I told him about my parents blaming me for little Joshie's ordeal, and imposing on me to take him with me when and wherever I went.
I told him how all those eyes were staring at us; and how all my friends were laughing at my little brother and calling him a 'freak' and an 'alien'...
Finally, I told him about Joshie's death, about my feelings of guilt and shame, about all my humiliations, and about the still lasting fire in my soul...

    I looked out of the window, staring at the sparrows that were still chasing each other through the backyards.
However, I didn't really see them, as my thoughts were lingering in the past...
My eyes filled with tears and started to drip; but I didn't feel their wetness, still dwelling in my own sad world...

    Suddenly, I had two comforting arms around my neck, and a small hand tenderly stroked my wet face.
After a moment, John pressed his own face against mine; and our tears mingled together.
I pulled him closer, and he trustfully settled onto my lap.
Together, we waited until our sobs diminished...

    At last, my bad memories slowly faded away, and I started to feel better.
I took a clean handkerchief out of my pocket, and carefully dried John's eyes, and mine...
    We looked at each other, at the same time, and both of us started to grin:

    "You are such a cry-baby..."

    "Yeah, and you are such a cry-grown-up..."
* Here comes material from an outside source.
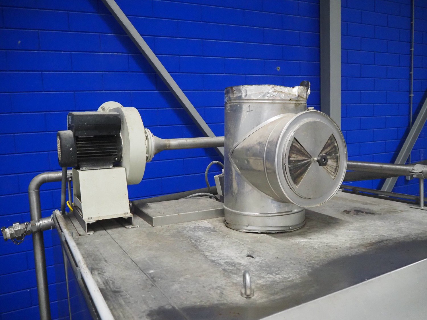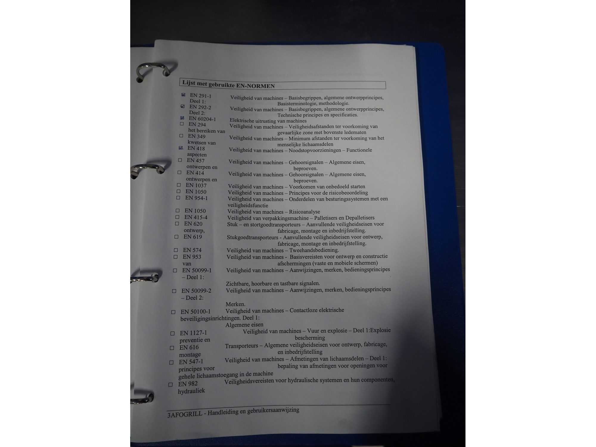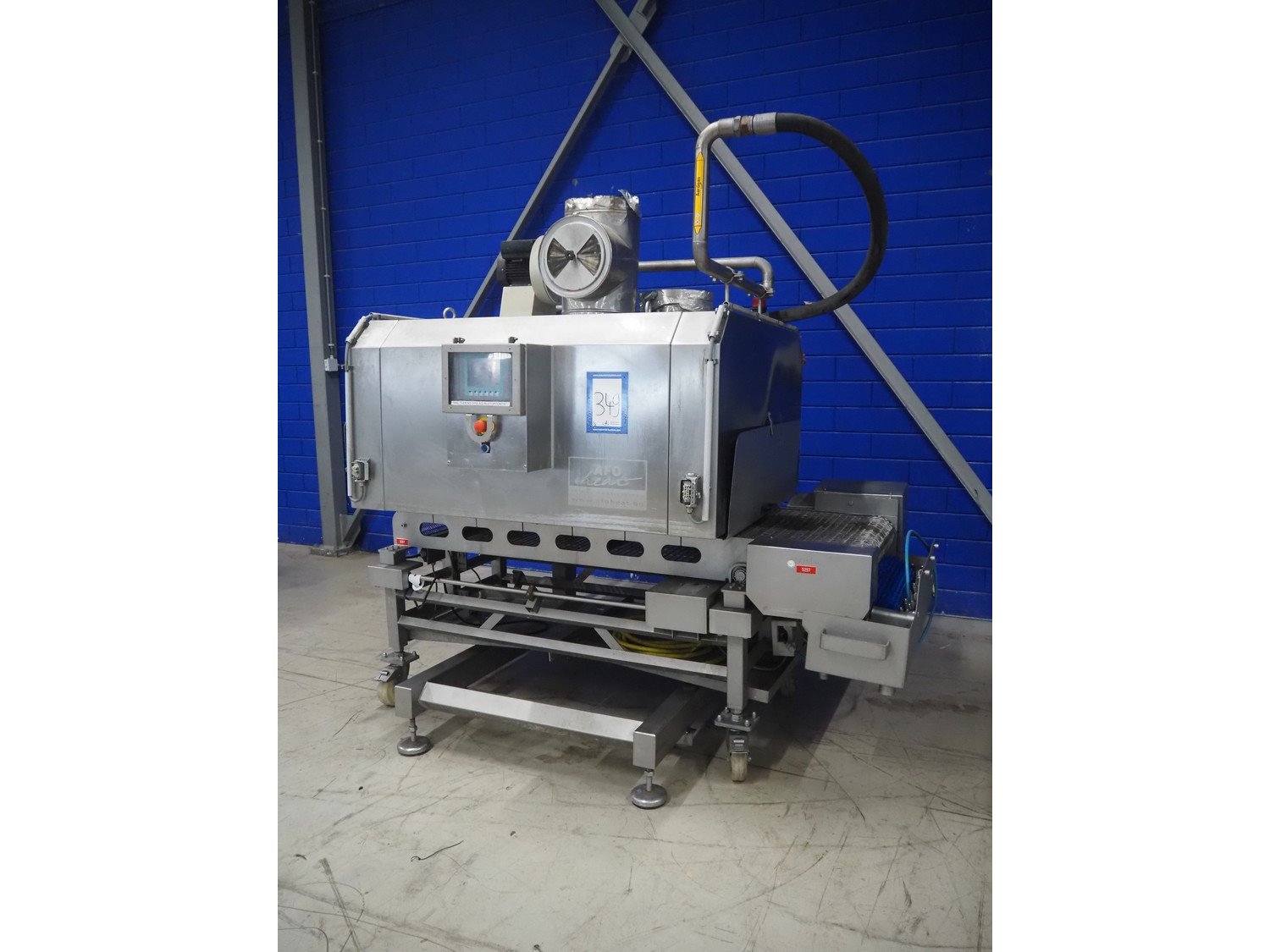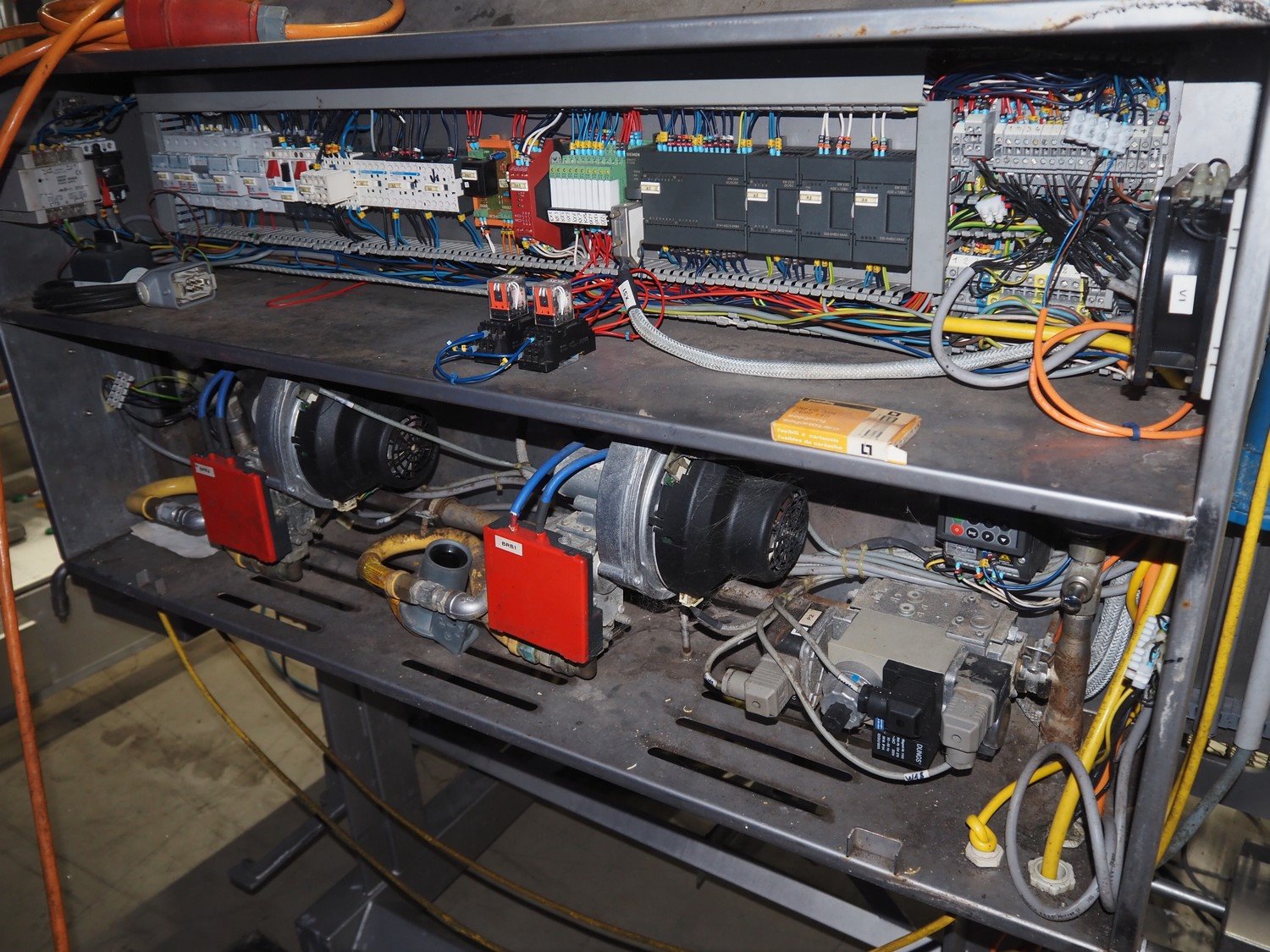 AFO Heat grill, type: AFOGRILL, serial number: F 022, year of construction: 2006, 400 V, 3 Ph, (2x) 72 kW, weight: 950 kg, s/s mesh belt, belt width: 630 mm, clearance: 700 mm x 220 mm, total dimensions: 2350 mm x 1800 mm x 2210 mm.

    John stuck out his tongue, hopped off my lap, and offered me a warm kiss.
I really started to love that boy, who more and more felt as a dear friend!
Together, we went to the sink to wash our faces, teasingly splashing some water at each other.
I took the only dry towel I could find; and we dried ourselves, playfully mock fighting to try to have a bit more of the same towel.
    Finally, we sat down again at the kitchen table, and I told him:

    "Thank you for listening to my story and comforting me. I think I needed your support. You are like a thirteen-year-old cuddle bear with a very big heart!"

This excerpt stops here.